Monday, August 11, 2008

TV Tradition

My Mother began her love affair with television when she was 18 years old. That was when she got lucky in a raffle and won the first TV set in her small Wisconsin town. “Everyone came over—no one else in Falun had even seen a TV before ours!”

My Grandma Johnson loved it too. When Mom married Dad a few years after her win, Grandma gave them money to furnish their new home with a new TV and she kept that original lucky TV. As a child, I remember many a day sitting with Grandma, watching game shows or movies. Our favorite TV snacks-- popcorn, grapes, and ice cream. Many years, and a generation of TV later, my Great-uncle Fred found Grandma sitting in her usual chair facing the TV, probably with a bowl of grapes next to her on the little side table. Was it Jeopardy that was on when he arrived? She had given up her spirit in the company of one of her TV shows. I can't help but wonder which one.

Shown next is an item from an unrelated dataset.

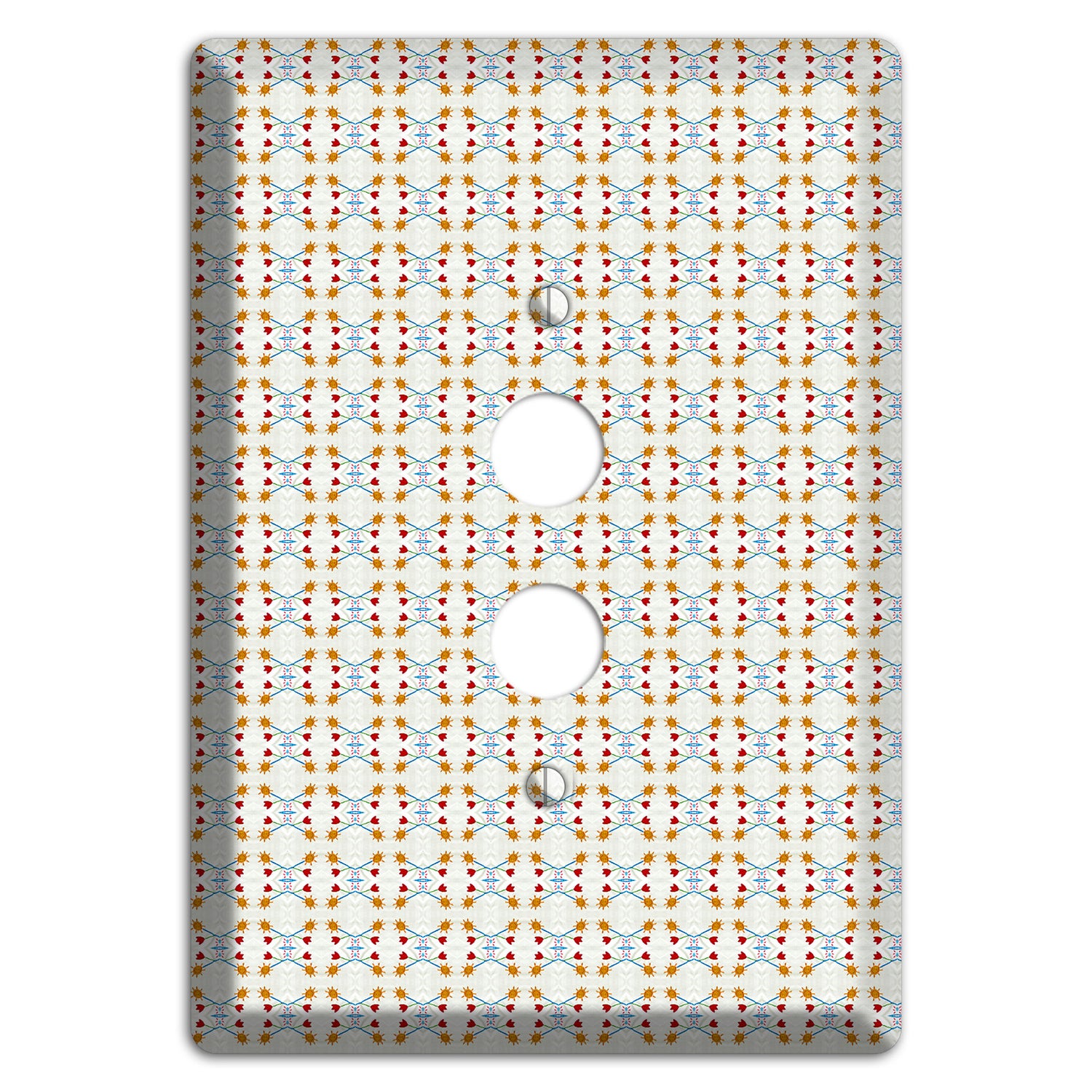 The Off White Red Blue Retro Arabesque 1 Pushbutton Wallplate are very unique and cannot be found anywhere else. These USA made metal plates are highly detailed and made with some of the newest UV imaging technology available resulting in photograph quality prints on durable metal switchplates.

The TVs were different in those days. The screens were smaller. The picture was black and white. Far from being flat, they were deep. And there were these tubes inside, little elongated glass bubbles with wires looped around inside that wiggled with electricity. Sometimes they’d burn out and the TV wouldn’t work until they were replaced.

Mom still loves watching TV-- game shows, polka time at noon, and her daily dose of soap opera. "I just watch one soap." The TV is her constant companion, now that Dad is gone. Her hearing requires the volume up high, making conversation often a shout across the room. When there’s “nothing on” we might play solitaire or read with that “nothing on” chattering in the background.

I’ll admit, I do the same thing when I am at home all alone. Often times I use music or the radio rather than TV, but it’s a feeling of needing to fill up the air space. Sometimes it's easier for me to concentrate when there is background noise than when there’s absolute quiet. Is it a habit from that constant childhood TV, after all these years away? Or growing up in a large, busy family? Years past, I know that it was a way to avoid thoughts that would constantly whiz around in my mind if there wasn't some kind of distraction from my inner world. That's mostly gone now. For whatever reason, I carry on the family's TV tradition in my own way.